-- Opening Marker --

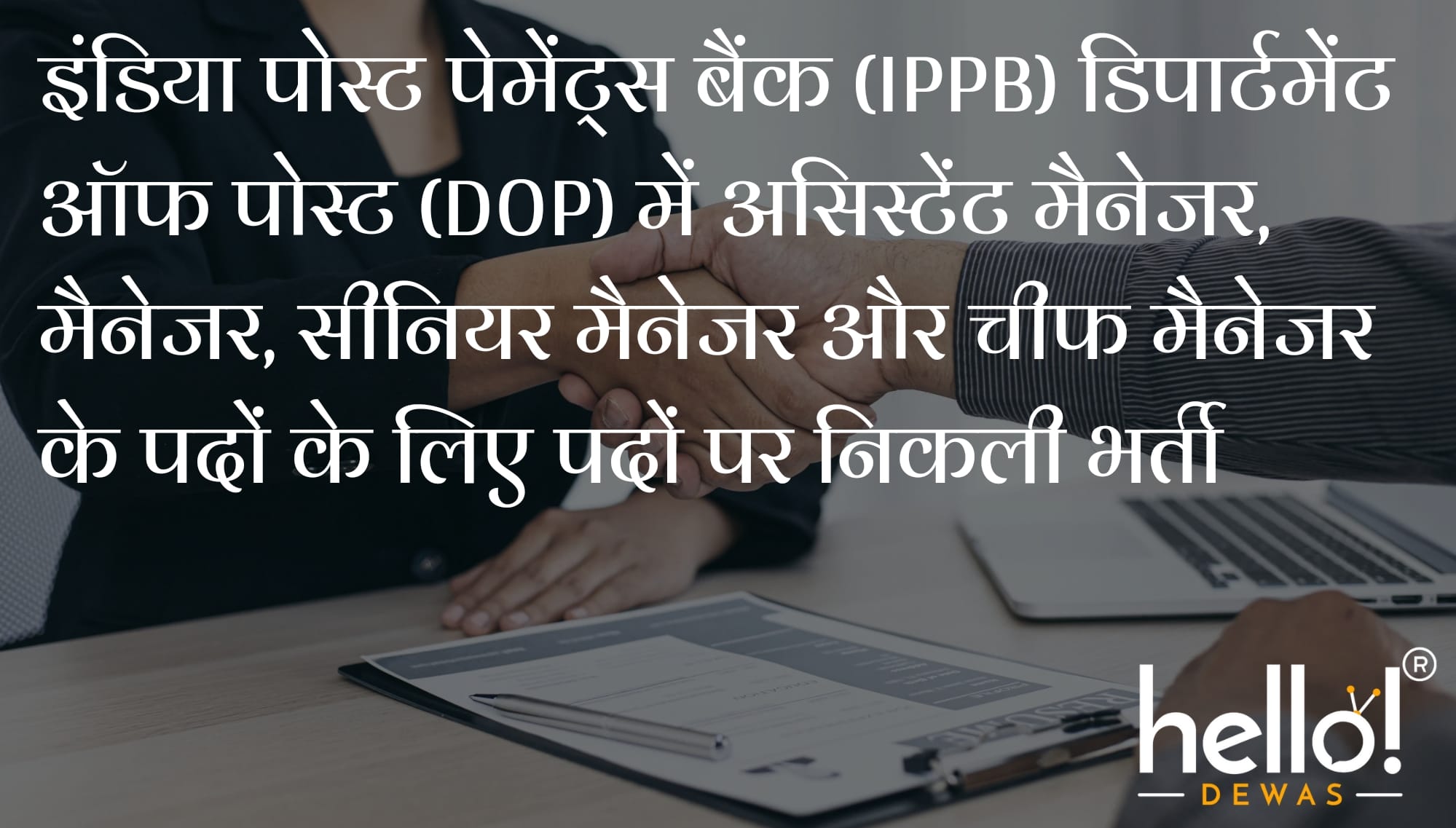इंडिया पोस्ट पेमेंट्स बैंक (IPPB) डिपार्टमेंट ऑफ पोस्ट (DOP) ने असिस्टेंट मैनेजर, मैनेजर, सीनियर मैनेजर और चीफ मैनेजर के पदों के लिए ऑनलाइन आवेदन आमंत्रित किए हैं। जो उम्मीदवार इन पदों पर आवेदन करना चाहते हैं, वह भर्ती का नोटिफिकेशन पहले पढ़ लें। उसके बाद ही आगे की प्रक्रिया शुरू करें।
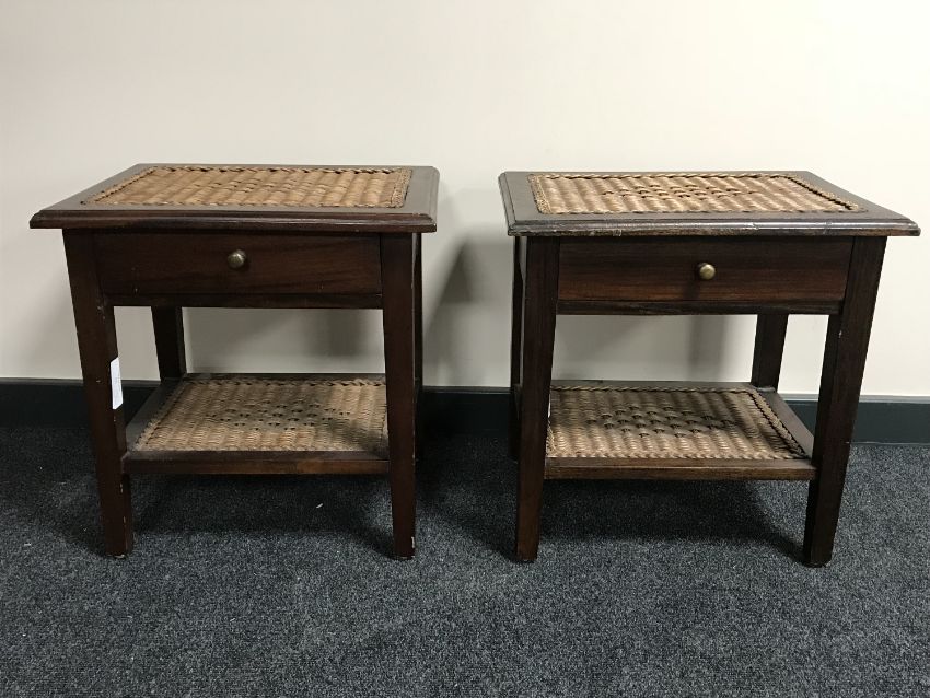 A pair of wicker topped two tier bedside tables, fitted a drawer
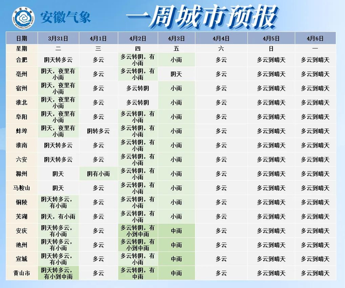 4月1日(周三):全省多云,江淮之间东部部分地区有小雨。
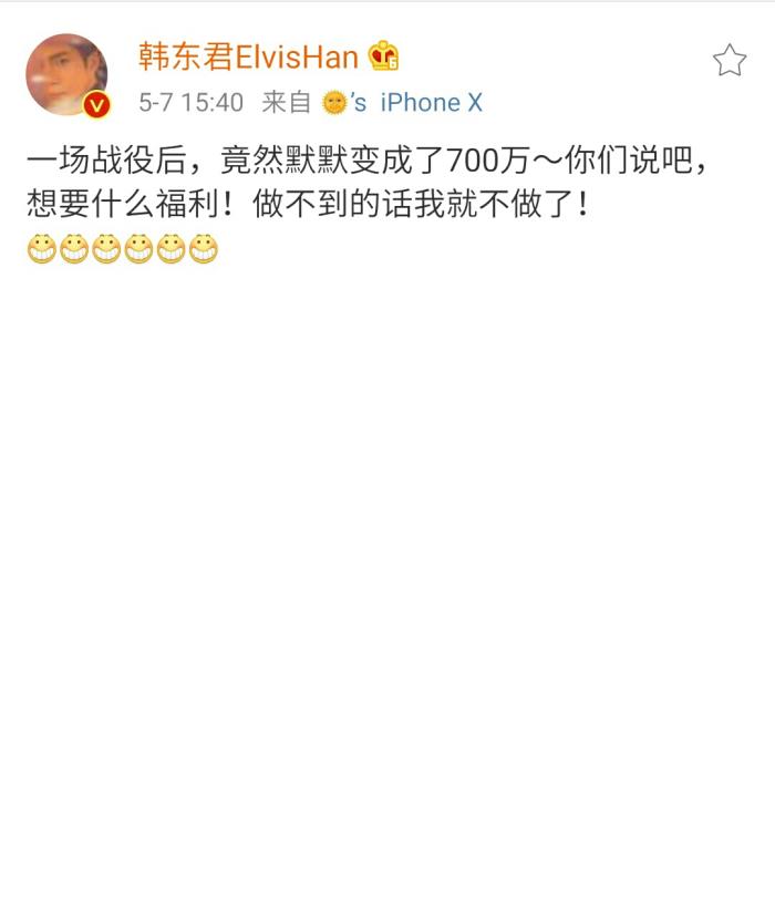 还差1万就到啦,四舍五入也可以算700万吧,韩东君也是没谁啦!也正是这么搞笑,才让很多人喜欢吧。那现在也应该想想700万粉丝福利咯,说不定过一会就到啦,甚至更多哦

-- Closing Marker --

§ WHAT TO WORK ON
The result should be an exact copy of the material, containing no pictures.

§ WRITTEN RESPONSE
इंडिया पोस्ट पेमेंट्स बैंक (IPPB) डिपार्टमेंट ऑफ पोस्ट (DOP) ने असिस्टेंट मैनेजर, मैनेजर, सीनियर मैनेजर और चीफ मैनेजर के पदों के लिए ऑनलाइन आवेदन आमंत्रित किए हैं। जो उम्मीदवार इन पदों पर आवेदन करना चाहते हैं, वह भर्ती का नोटिफिकेशन पहले पढ़ लें। उसके बाद ही आगे की प्रक्रिया शुरू करें।
 A pair of wicker topped two tier bedside tables, fitted a drawer
 4月1日(周三):全省多云,江淮之间东部部分地区有小雨。
 还差1万就到啦,四舍五入也可以算700万吧,韩东君也是没谁啦!也正是这么搞笑,才让很多人喜欢吧。那现在也应该想想700万粉丝福利咯,说不定过一会就到啦,甚至更多哦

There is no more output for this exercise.